As millions of American students started the school year online, it’s important kids understand that their digital footprint, or history of online activity, will also grow, says Dr. Asra Hamzavi, psychiatrist and owner of Hamzavi Psychiatry and Wellness Center.
“The biggest lesson our kids need to know is that whatever goes online has the potential to follow us for the rest of our lives,” Hamzavi says.
The consequences of a bad digital footprint can impact college choices – and what college officials find can hurt way more than not getting enough likes on a post. It can be part of the decision about whether the student is a “right fit” for the college.
A 2019 poll by Kaplan Test Prep found that 36 percent of college admissions counselors visit applicants’ social media profiles including Facebook, Instagram, Twitter and YouTube to learn more about them.
What can parents do to help their kids establish a positive social media presence? According to Hamzavi, a mother of four, the most important tool parents have is talking with their child from the beginning about values and how to stick to them online. Establishing basic online rules, such as not posting comments about someone if you wouldn’t say it to their face, can help kids build a healthy media presence.
For older children who already have multiple social media accounts, the desire to clean up their online presence must come from them.

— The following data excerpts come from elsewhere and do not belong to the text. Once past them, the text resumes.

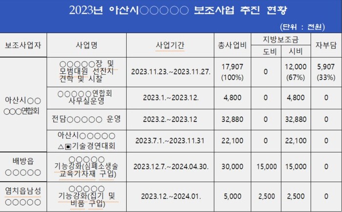 그런데 아산시는 보조사업자가 제출한 실적보고서를 토대로 지방보조사업이 법령 및 교부결정 내용 등에 적합하게 수행 되었는지 확인하여야 했음에도 아무런 조치없이 적정하게 집행된 것으로 정산보고하는 등 실적보고서 심사를 소홀히 한 사실이 드러났다.
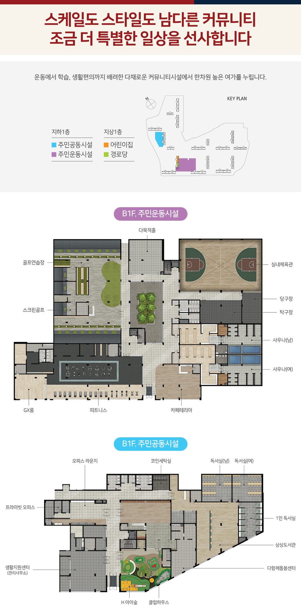 대단지답게 피트니스센터, 실내골프연습장, 작은 도서관, 독서실 등 일반적인 커뮤니티 시설 외에도 다목적 실내체육관, 당구장, 탁구장, 스크린 골프연습장, 사우나, 카페테리아, 프라이빗 오피스, 코인 세탁실 등 다양한 커뮤니티 시설을 추가로 제공합니다.
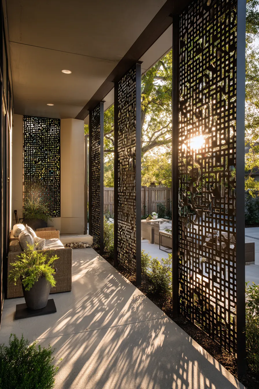 This porch uses patterned privacy panels to block direct views while allowing sunlight to cast beautiful shadows. Neutral furniture and soft cushions keep the look calm and balanced. Greenery tucked between the panels adds warmth and texture. The space feels stylish and thoughtfully layered.
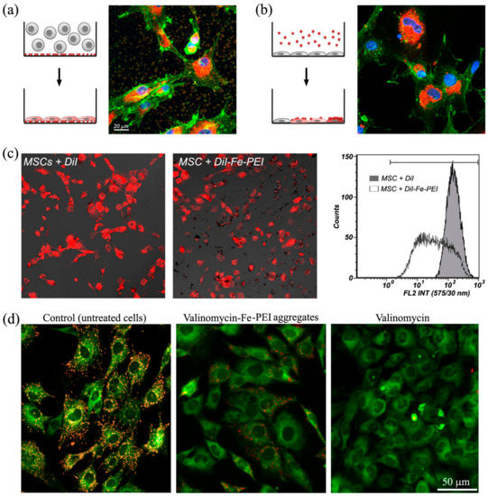 Next, the capacity of Fe-PEI NPs to incorporate DiI by aggregation and subsequently release it into the cells they interact with was studied by using valinomycin, a lipid-soluble potassium ionophore able to induce mitochondrial membrane permeabilization and electrochemical potential dissipation. Valinomycin is known as a cargo that easily interacts and internalizes into cells. The effectiveness of valinomycin entrapped into Fe-PEI aggregates was assessed by evaluation of the mitochondrial membrane potential (ΔΨm) in MSCs after cell interaction with valinomycin-Fe-PEI aggregates using JC-1 [26]. As revealed in Figure 3d, ΔΨm was almost completely lost after 24-h exposure of MSCs to valinomycin-Fe-PEI aggregates, to a similar extent to MSCs exposed to the same dose of valinomycin given as such.
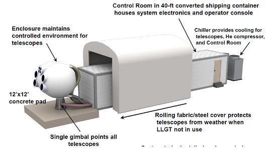 LLGT為LLCD的主要地面終端,這是一個移動型地面接收系統(tǒng)。具有溫控外殼,高約4.5m,總質(zhì)量7t,與目前的無線電通信地面天線相比,尺寸和重量減少約75%。 LLCD 的目標之一是演示驗證多孔徑合成光信號收發(fā)技術(shù)。
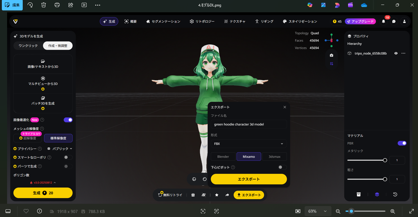 生成したモデルはプレビューで確認できて、形式を選んでエクスポート(作ったデータを書き出して保存すること)も可能。

Julie Fisher, social media expert, author and founder of yourdigitalguardian.com, says part of the problem parents face is they don’t even know where their kids are online. Parents may know about their kid’s Instagram but not their Finstagram, a fake Instagram account where teens share more candid posts with close friends.
As a guest speaker, Fisher has taught thousands of students at metro Detroit public schools her seven steps to cleaning up an online presence.
1. Be your authentic self!
Don’t have a fake persona, but understand other people will judge you through their own lens.
2. Take out the trash!
Clean up your language before applying for college. Go back and edit or delete posts that have foul language. Fisher advises juniors in high school start cleaning up their social media accounts.
3. Opt out of tags.
You can be making great decisions and friends can be making rotten ones. You don’t want other people making decisions about how you are portrayed online.
4. Practice the two-second rule.
It’s important for kids to ask themselves, am I comfortable with teachers, parents, admissions counselors, police, clergy or coaches seeing this? If not, it shouldn’t be online.
5. What’s in the red Solo cup?
Make sure your posts won’t be misinterpreted. A picture of a teen holding a red Solo cup may be an innocent cup of juice, but the viewer may think it’s alcohol. You never get a second chance to make a good impression.
6. Live by the golden rule online.
As you would offline. Don’t be a jerk.
7. What goes on Instagram stays on Instagram.
Accounts may be private and tags may be limited but anyone can take a snapshot of a screen. Today’s friend may be tomorrow’s enemy.
Students shouldn’t clean-up their social media by deleting their accounts, however. When college decision makers are looking for candidate’s online presence, not finding any can raise red flags.
Fisher suggests high school and college students add one, key digital outlet, LinkedIn, so they can be found online.
Finally, she advises parents to breathe. “They’re going to make mistakes. We need to recognize it. Not catastrophize it, and tell them, ‘Let’s fix this. I’m going to be your partner,’” she says.